Problem to solve — An exact copy is required of the lines running from the one that contains "На мансарде –" to the end of the material, both ends included, with pictures omitted.

Stored data —
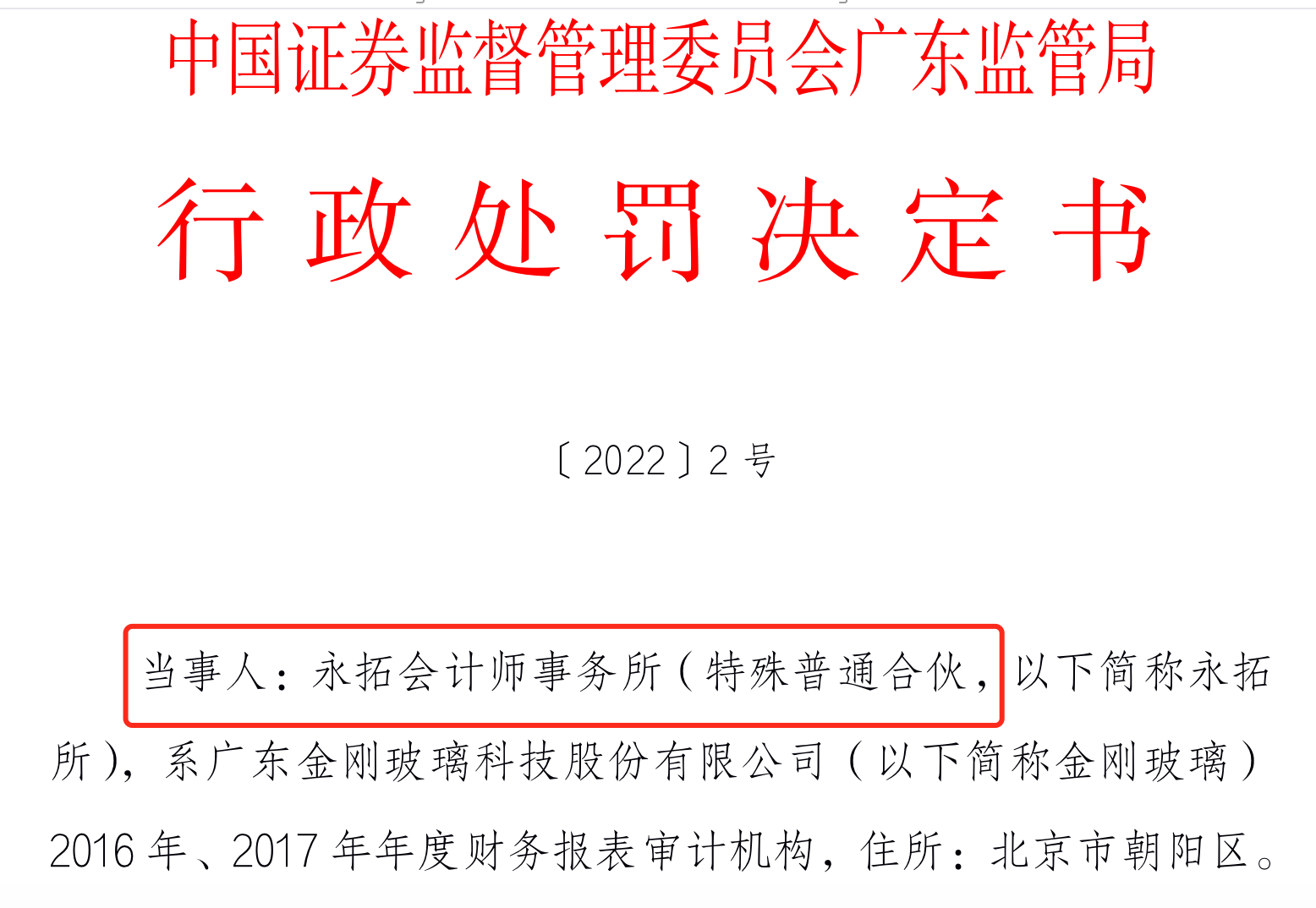 界面新闻注意到,被换下的永拓所在节前刚领了罚单。广东监管局2022年2号行政处罚决定书显示,永拓所是金刚玻璃(300093.SZ)2016年、2017年年度的财务报表审计机构,相关签字注册会计师包括吕润波、张群、张虹。决定书显示,在2016年、2017年的年报中,金刚玻璃存在虚增收入、虚增货币资金等虚假记载行为。2017年4月28日、2018年4月24日,永拓所分别为金刚玻璃2016年、2017年财务报表出具了标准无保留意见的审计报告。经查,永拓所出具的前述审计报告存在虚假记载。
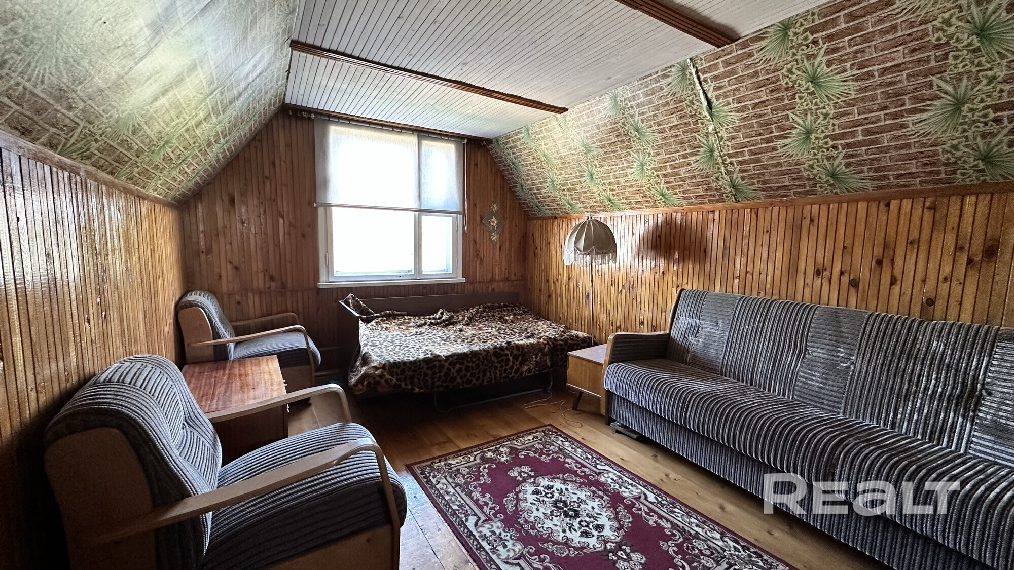 На мансарде – большая спальня. Дача продается с мебелью и бытовой техникой.
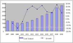 | |  | China is short of oil and gas resources while coal resources are relatively abundant. Due to the oil shortage as well as the high price, the application of advanced coal transformation technology is positive to reorganize the chemical industrial structure. Moreover, it is also a strategy for China to be more independent on oil imports, to better-control the environmental pollution as well as to ensure the energy security and to maintain sustainable economic development in the 21st century. China's raw coal output in 2005 totaled at 2.198 billion tons with a year-on-year growth of 12.37%, which increased by double compared to 998 million tons in 2000. The annual compound growth was 17.10%. The output in 2004 was 1.956 billion tons with a year-on-year growth of 13.2%, up 228 million tons. However, coal shortage still exists. Statistics and Forecast of Coal Supply in China, 1997-2009 (Unit: million tons)

Your solution —
 На мансарде – большая спальня. Дача продается с мебелью и бытовой техникой.
 | |  | China is short of oil and gas resources while coal resources are relatively abundant. Due to the oil shortage as well as the high price, the application of advanced coal transformation technology is positive to reorganize the chemical industrial structure. Moreover, it is also a strategy for China to be more independent on oil imports, to better-control the environmental pollution as well as to ensure the energy security and to maintain sustainable economic development in the 21st century. China's raw coal output in 2005 totaled at 2.198 billion tons with a year-on-year growth of 12.37%, which increased by double compared to 998 million tons in 2000. The annual compound growth was 17.10%. The output in 2004 was 1.956 billion tons with a year-on-year growth of 13.2%, up 228 million tons. However, coal shortage still exists. Statistics and Forecast of Coal Supply in China, 1997-2009 (Unit: million tons)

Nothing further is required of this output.